YOUR ASSIGNMENT → Pictures must be left out. Retype exactly the lines from the one containing "Hallinden. Göteborgs Yrkesskola" through the last line of the records below.

Data records
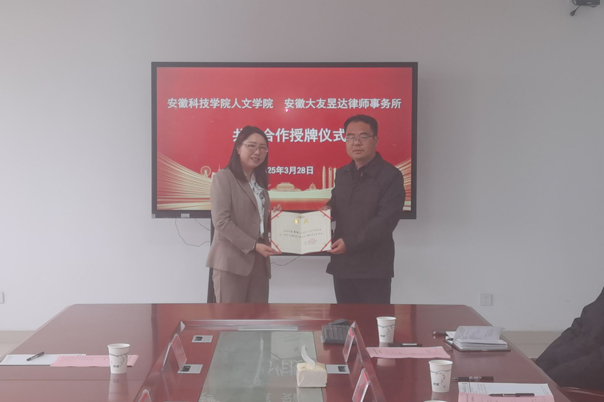 3月28日下午,人文学院与安徽大友昱达律师事务所,在人文学院313会议室,举行共建合作授牌仪式。安徽大友昱达律师事务所主任王苏敏、合伙人安鹃、律师杨祉龙;人文学院党委副书记、院长李晓东,副院长牛永辉、党委副书记李沙娜、法学系教授骆绪刚、辅导员徐琦琦出席。仪式由牛永辉主持。
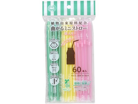 ストリックスデザイン 植物由来 曲がるミニストロー 袋入 60本
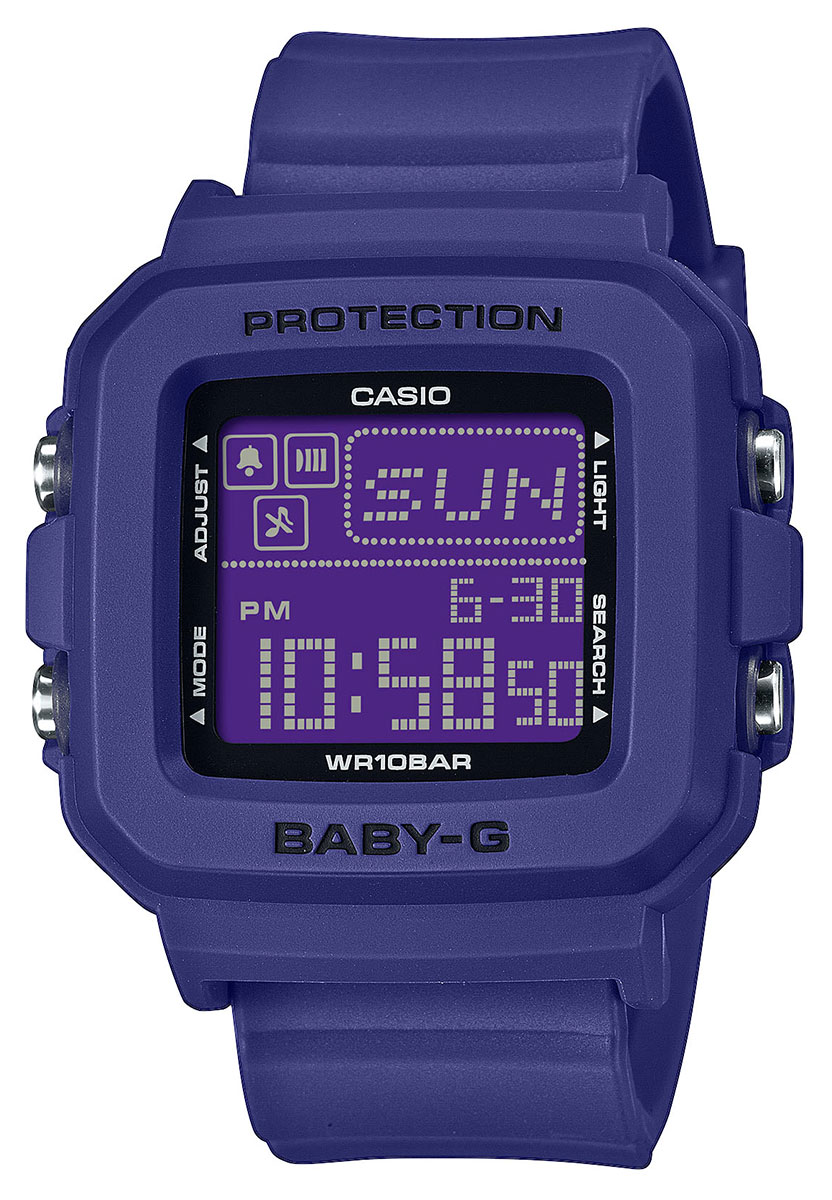 Casio Baby-G BGD-10K-2ER on iskunkestävä rannekello, joka juhlistaa Baby-G:n 30-vuotisjuhlaa. Kellon ominaisuuksiin kuuluu muun muassa ajastin, ajanotto-ominaisuudet, maailmanaika, hälytykset, automaattinen kalenteri, 12/24h-, päivämäärä- ja viikonpäivä näytöt. Kellon violetti hartsirunko on 39 mm leveä, 14,7 mm paksu ja sen paino on ainoastaan 33 grammaa. Rannekellon violetti ranneke on valmistettu ympäristöystävällisestä biopohjaisesta hartsista ja kestävä mineraalilasi suojaa digitaalista kellotaulua. Casio Baby-G BGD-10K-2ER -kellon vesitiiviys on 100 m / 10atm eli se soveltuu pintauintikäyttöön ja snorkkelisukellukseen, ei laitesukellukseen. Kellon mukana tulee erillinen pyöreä ja violetti kotelo, johon voit irrottaa kellon moduulin ja kiinnittää siihen helposti ilman työkaluja. Näin voit kantaa kelloa uudessa kotelossa vaikka kiinnittäen sen reppuun.
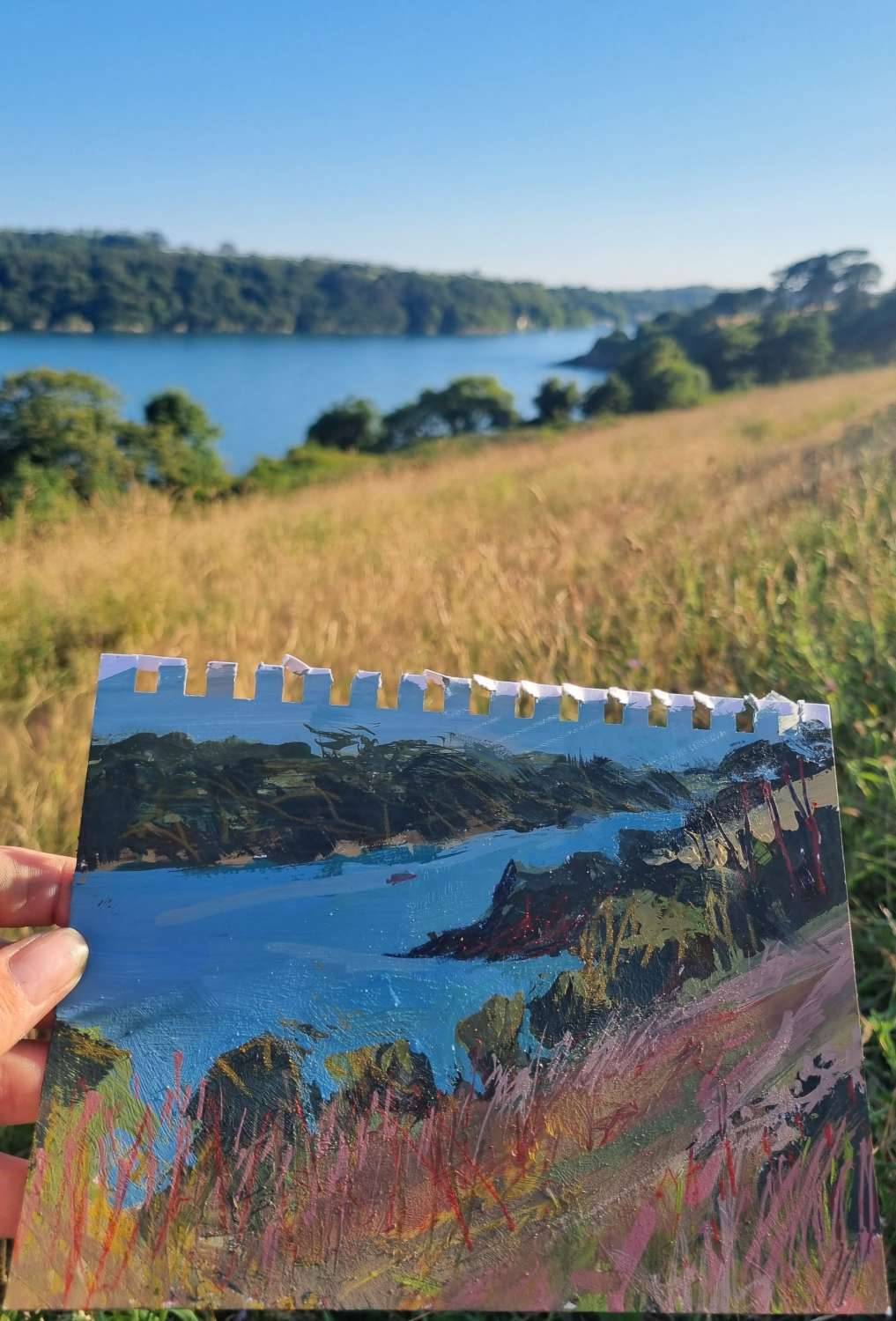 From My Helford Sketchbook collection. Painted in gouache, with an accompanying photo of handwritten text and location photo. Framed in a white wood St Ives frame measuring 32 x 25.5cm. Price includes postage and packing for UK addresses.
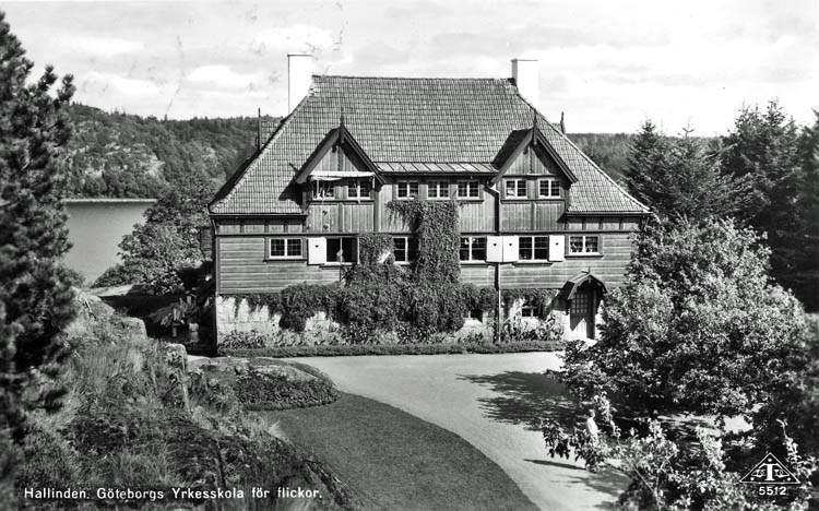 Text på kortet:" Hallinden. Göteborgs Yrkesskola för flickor".
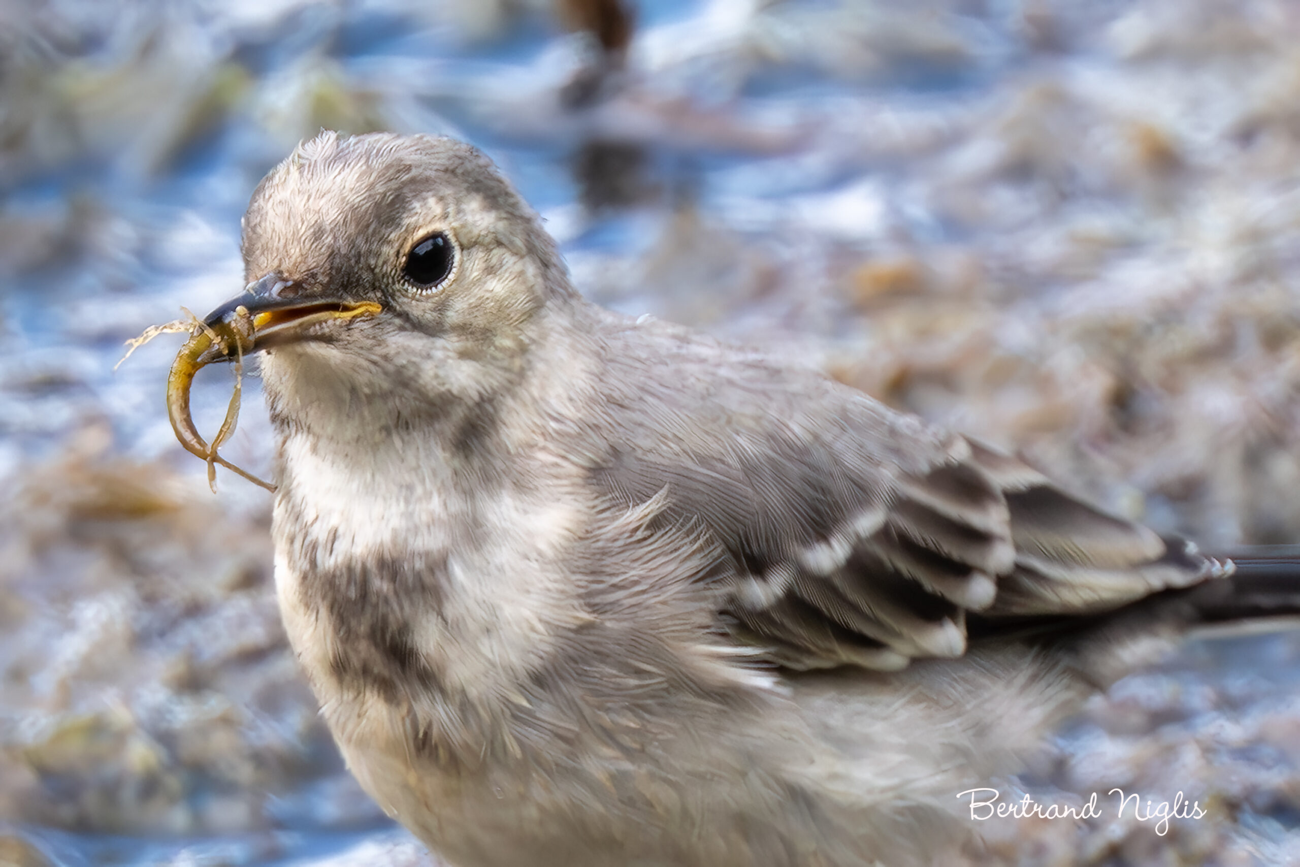 Certains oiseaux nous sont plus familiers que d’autres, mais ce n’est pas pour autant que l’on ne prend plus de plaisir à nous arrêter pour les observer. C’est le cas de la bergeronnette grise que l’on distingue très facilement à son vol onduleux et ses couleurs de sénior. Parfois, on hésite cependant, surtout lorsqu’il s’agit de juvéniles, ou lorsque l’oiseau a déjà effectué sa mue post-nuptiale. Le jeune qui court sur la vase du marais a déjà acquis une grande expérience. Il vient de saisir une larve aquatique déboussolée par la soudaine baisse de l’eau protectrice. Pour la bergeronnette, elle constitue un met de choix et un apport significatif de protéines. Elle se laisse d’ailleurs volontiers photographier, comme le font les pêcheurs, fiers de leur prise. Mais la pause ne dure qu’un bref instant : la dégustation achevée, elle n’a d’autre envie que d’en débusquer beaucoup d’autres.
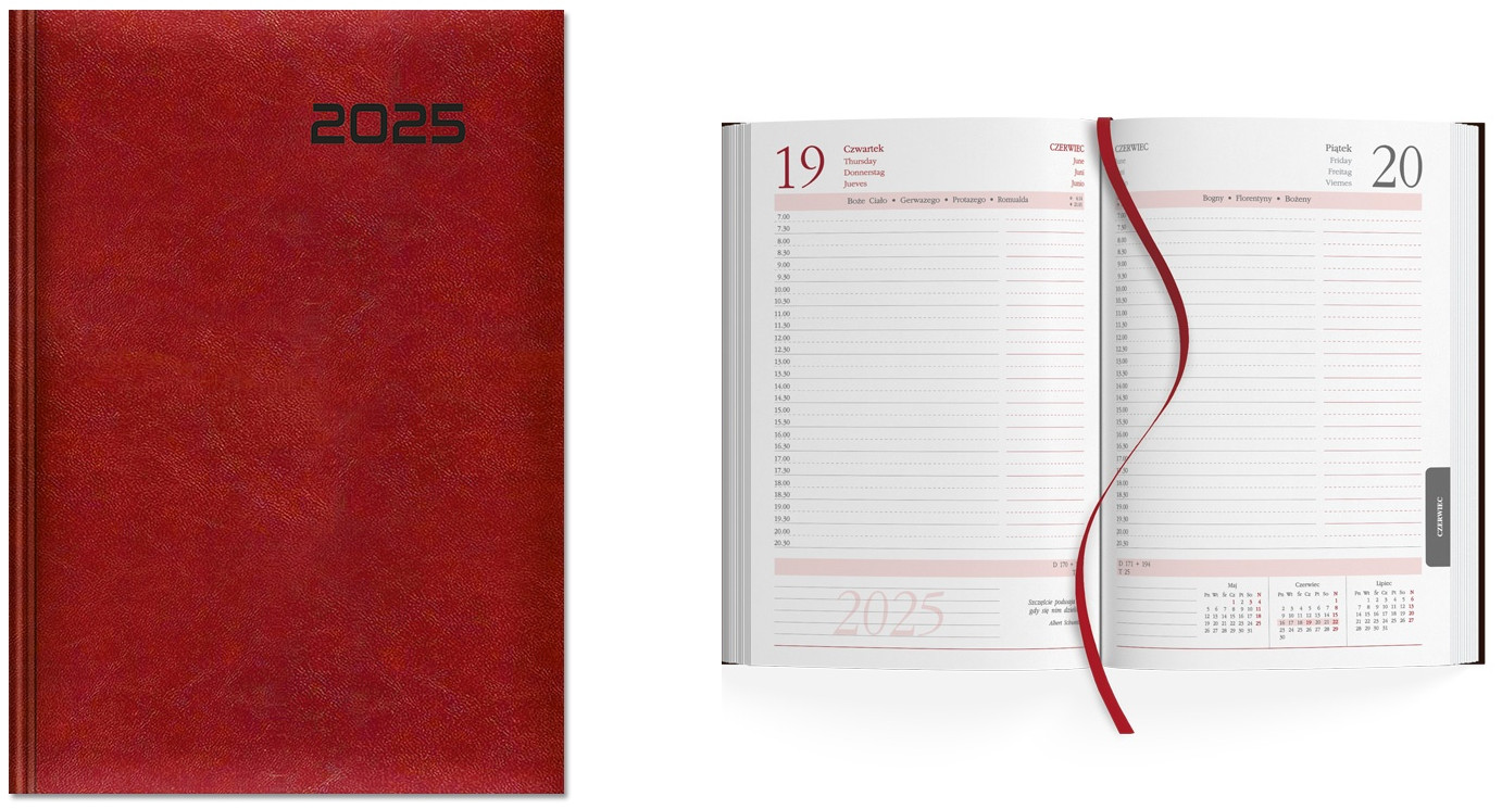 Kalendarz 2025 książkowy A5 dzienny czerwony SK2

EXERCISE RESULT →
 Text på kortet:" Hallinden. Göteborgs Yrkesskola för flickor".
 Certains oiseaux nous sont plus familiers que d’autres, mais ce n’est pas pour autant que l’on ne prend plus de plaisir à nous arrêter pour les observer. C’est le cas de la bergeronnette grise que l’on distingue très facilement à son vol onduleux et ses couleurs de sénior. Parfois, on hésite cependant, surtout lorsqu’il s’agit de juvéniles, ou lorsque l’oiseau a déjà effectué sa mue post-nuptiale. Le jeune qui court sur la vase du marais a déjà acquis une grande expérience. Il vient de saisir une larve aquatique déboussolée par la soudaine baisse de l’eau protectrice. Pour la bergeronnette, elle constitue un met de choix et un apport significatif de protéines. Elle se laisse d’ailleurs volontiers photographier, comme le font les pêcheurs, fiers de leur prise. Mais la pause ne dure qu’un bref instant : la dégustation achevée, elle n’a d’autre envie que d’en débusquer beaucoup d’autres.
 Kalendarz 2025 książkowy A5 dzienny czerwony SK2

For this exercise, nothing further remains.